For aspiring writers, there's an interesting post about Angry Robot's open month  for unrepresented authors over March 2011. It's in Books and Writing. I'm not allowed to link to it here because I'm newly registered (at least that's what the message says when I tried a link), however, I thought it might be of interest. 

I'm an unrepresented author. Angry Robot is an imprint of Harper Collins who also run Authonomy, the online jamboree for aspiring writers. I've not visited Authonomy for some time after my novel sank without trace after many great reviews, but I am going back to look at how Angry Robot ties in. I don't remember much enthusiasm for the genre when I was last there, but bandwagons do get jumped on once they're rolling.


----------



## Pyan

Moved to Press Releases...


----------



## Ian Whates

goldenapples said:


> Angry Robot is an imprint of Harper Collins who also run Authonomy, the online jamboree for aspiring writers.


 

Just to clarify, no, Angry Robot is not an imprint of Harper Collins.  It was when first established, but moved to Osprey Books last year.


----------



## anthorn

Thumbs up mate.

Oh and to the Op isn't authonomity a scam site?


----------



## Mouse

Authonomy isn't a scam site and is actually to do with Harper Collins. It's rubbish though. A 'you scratch my back, I'll scratch yours' sort of thing.


----------



## Anne Lyle

I got some useful feedback from authonomy, but it's a terrible time-sink - as far as I can see, the only way to get to the Editor's Desk is to practically live on the site 24/7 and back every single other book you can find. HC have also started advertising Amazon CreateSpace, etc, to members since I left - I don't think they know what else to do with the monster they've created.

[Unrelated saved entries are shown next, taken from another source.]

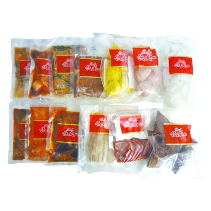 ●セット内容/13種類13パック(乾焼大蝦仁180g、本格四川麻婆豆腐150g、酢豚150g、麻婆茄子150g、本格八宝菜150g、青椒肉絲150g、東坡肉150g、棒々鶏150g、焼豚スライス100g、錦糸焼売5個入125g、珍珠丸子5個入175g、角煮入りちまき4個入240g、杏仁豆腐500g:各1パック)
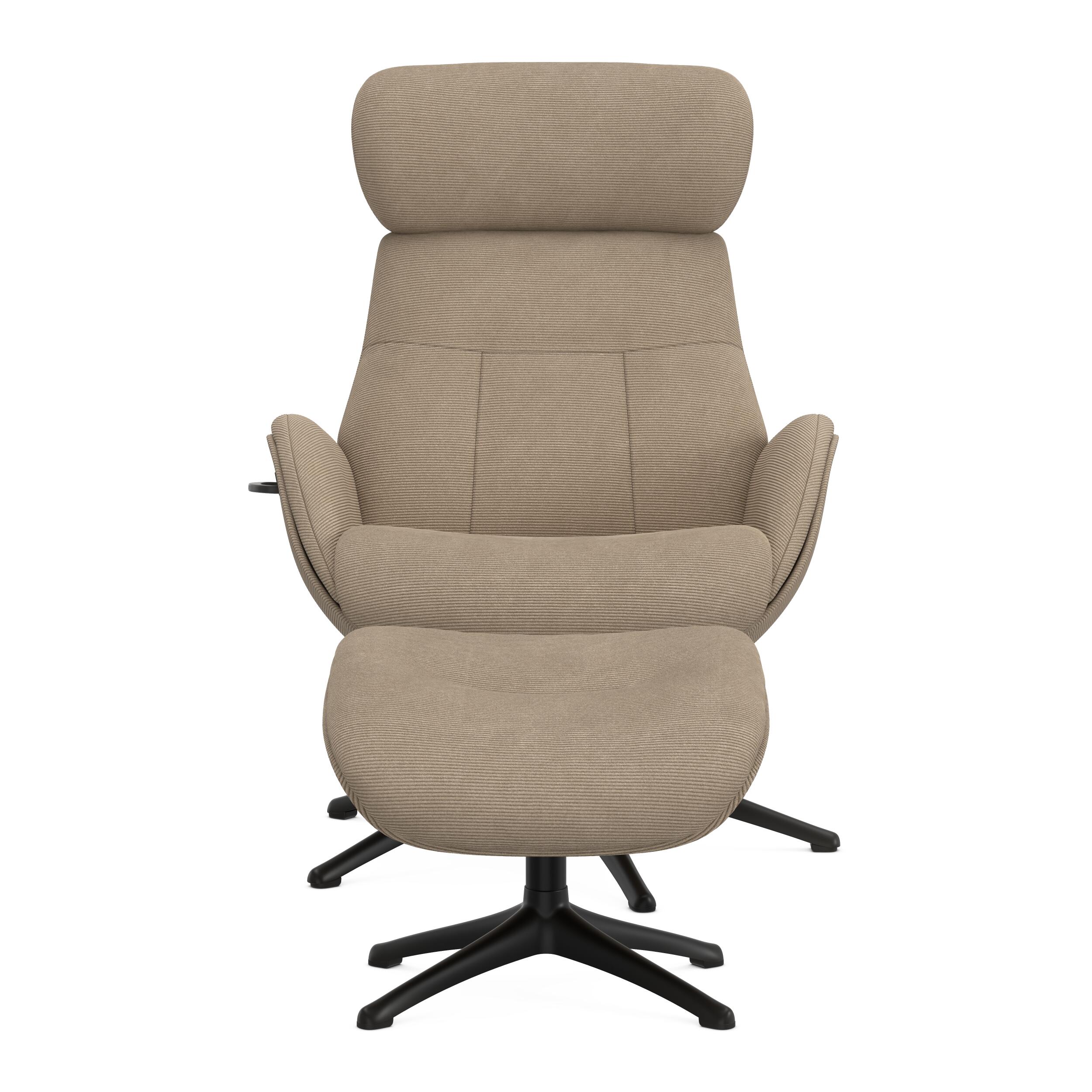 FlexLux Elegant är en fåtölj som kombinerar funktionalitet och design. Den höga ryggen och fotpallen säkerställer en ergonomiskt korrekt sittupplevelse, medan klädseln i Wave-tyg i en varm sandfärg skapar ett lätt och modernt uttryck. Den svartlackerade aluminiumfoten förstärker den stilrena designen.
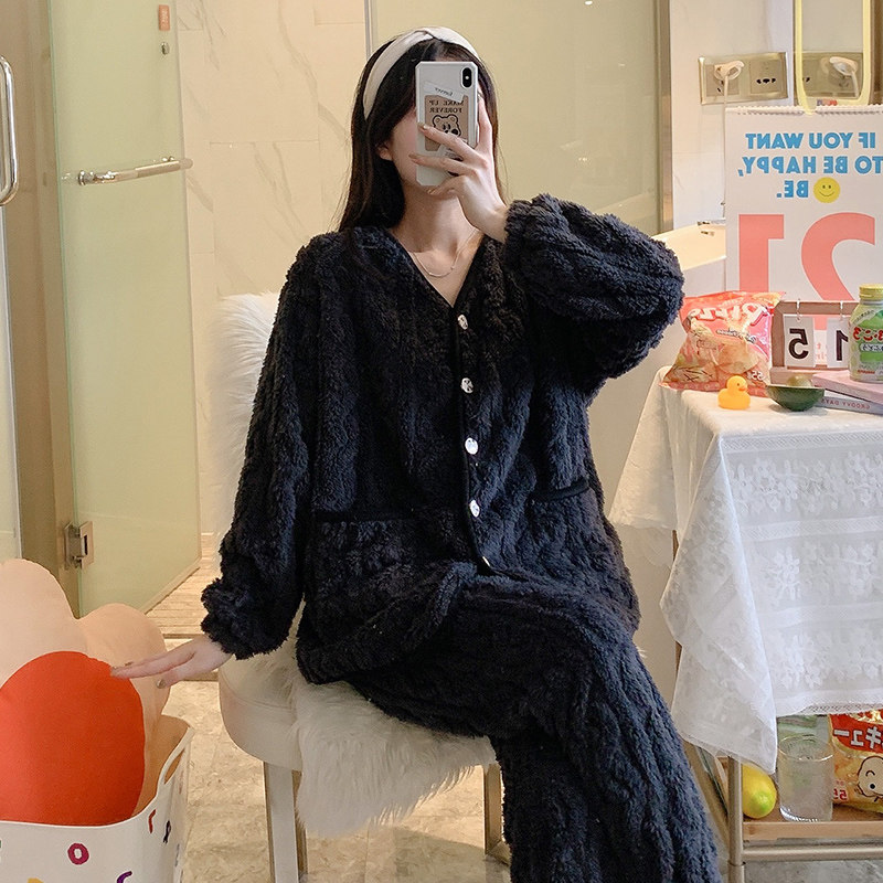 Coral Suede Pajamas Woman 2021 New Autumn Winter Flannel Thicken With Long Sleeves Cardiovert Suit Pink
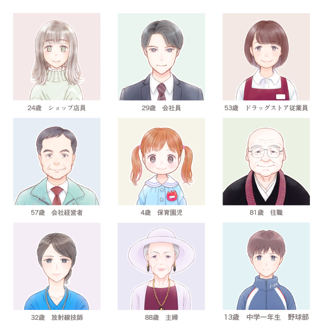 年齢層を選ばない、明るく親しみのある絵柄を得意としておりますが、他の絵柄にも柔軟な対応をさせていただきます。
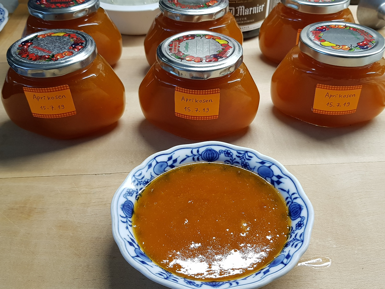 라벨에 제목 쓰기는 나의 유일한 일! 어머니의 마멜라데 시크릿은 각각의 마멜라데에 들이붓는 저 한 잔의 슈납스(소주 같은 술)!!!

Angry Robot Books are a well-regarded smallish publisher of adult SF&F - worth submitting to if your writing a) is good enough and b) fits their house style. HC dropped the imprint after management cutbacks, but AR relaunched under Osprey's wing (sorry, bad pun!) and seem to be thriving.


----------



## Ursa major

I expect Osprey thought that having authors such as Ian writing for it would be a feather in its cap.


A pun, but sincerely meant. I've only read one Angry Robot book, Ian's, and didn't find it edgy (whatever that means**). The writing was more than good enough, though, and I really enjoyed the story. (I'm hoping that the sequel will soon be in the shops.)





** - I suspect _edgy_ has as many meanings as _progressive_.


----------



## Anne Lyle

What I meant was their books tend to be a bit less "bog-standard epic fantasy" than the big houses. No rehashing of tired tropes, and they like a bit of grit and grime in with their wide-eyed wonder.

ETA - I've edited my previous post to say "adult" - they like to stress that they're not a YA publisher (perhaps to avoid being inundated with Twilight clones!)


----------



## Ursa major

Then by that definition, Ian's book _is_ edgy.


----------



## Ian Whates

Ursa major said:


> I've only read one Angry Robot book, Ian's, and didn't find it edgy (whatever that means**). The writing was more than good enough, though, and I really enjoyed the story. (I'm hoping that the sequel will soon be in the shops.)


 
Thanks for the kind words, Ursa!   Glad you enjoyed _City of Dreams and Nightmare.  _The sequel, _City of Hope and Despair_, will indeed be in the shops soon -- released early next month -- and I'm hard at work on the final volume of the trilogy.


----------



## HareBrain

Is there any way to stop me reading this thread title every time I see it as *Angry Robot Opens Mouth*?


----------



## Anne Lyle

No - but thanks for the great image!


----------



## anthorn

Lol. Would just like to say Angry Robot are fast repliers.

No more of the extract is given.